If the categories are highly imbalanced, high accuracy can be obtained by always guessing the category with the largest number of elements. Accuracy can be checked by randomly classifying the elements and comparing the percent guessed correctly with the accuracy of the algorithm. Accuracy should also be validated with Precision and Recall to detect how the data may be set up to cheat.

Precision
Precision is the correct classifications penalized by the number of incorrect classifications. true positives / ( true positives + false positives). In this example, the precision is:

(reading down each predicted column)

positive statements is 15 / (15 + 20) = .43

negative statements is 15 / (15 + 110) = .12

neutral statements is 1000 / (1000 + 110) = .90

How to Cheat:

You can get high precision by rarely classifying in a given category but this ruins Recall.

Recall

Recall is the number of correct classifications penalized by the number of missed items. true positives / (true positives + false negatives). in this example, the recall is:

(reading across each Actual row)

positive statements is 15 / (15 + 110) = .12

negative statements is 15 / (15 + 20) = .43

neutral statements is 1000 / (1000 + 110) = .90

F Measure (F1)

F1 measure is a derived effectiveness measurement. The resultant value is interpreted as a weighted average of the precision and recall. The best value is 1 and the worst is 0.

2((precision*recall) / (precision+recall))
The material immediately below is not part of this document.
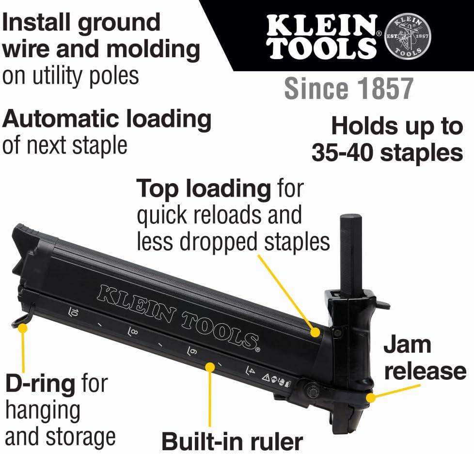 Klein's Utility Staple Starter is designed to hold and dispense utility staples to install ground wire and ground molding to utility poles. No more dropping staples, hitting fingers or puncturing work gloves. The stapler can accommodate 35 to 40 staples to finish installation on one pole. It automatically loads the next staple for smoother operation. Works with both Klein heavy duty staples as well as other utility staples on the market. One tool, one set of staples. For more than 160 years, Klein Tools has manufactured premium-quality, professional-grade hand tools that deliver the performance, durability and precision needed to get the job done right. Our family of engineers, workers and craftsman continue to put six generations of expertise into every tool we create by using only the highest quality materials, superior workmanship, and keeping manufacturing as close to home as we can. Klein isn't just the name of our company, it's also our family name. And since we're an American company that's family-owned and family-run, you know you can count on us to be here tomorrow. Klein Tools doesn't just make great products, we make great products that stand up to the demands of the professionals who use them every day … Since 1857.

positive statements:  2*((0.43 * 0.12) / (0.43 + 0.12)) = 0.18

negative statements: 2*((0.12 * 0.43) / (0.12 + 0.43)) = 0.18

neutral statements: 2*((0.9 * 0.9) / (0.9 + 0.9)) = 0.9

Observations

In this example, although the Accuracy at 81% seems good, the precision and recall indicate that the numbers are skewed by having an imbalance in the number of values tested across the categories. This is clearly visible in the F measure numbers. It could be that the model in this example was built with many more neutral statements than positive and negative and the test data contains mostly neutral statements. Accuracy alone can be misleading.

Ideally you want to see a matrix more like the following:

Predicted
Actual Pos Neg Neutral
Pos 105 10 10
Neg 6 90 8
Neutral 12 15 150

Accuracy = 0.85

Precision

Positive = 0.85

Negative = 0.78

Neutral = 0.89

Recall

Positive = 0.84

Negative = 0.87

Neutral = 0.85

F Measure

positive = 0.84

negative = 0.86

neutral = 0.87

All the numbers are in the same ballpark and are reasonably balanced across the matrix with the bulk of the numbers on the diagonal showing a majority of correct classifications. This also shows a greater likelihood of the model being constructed with a balanced data set and that the test data evaluated by the model is also balanced.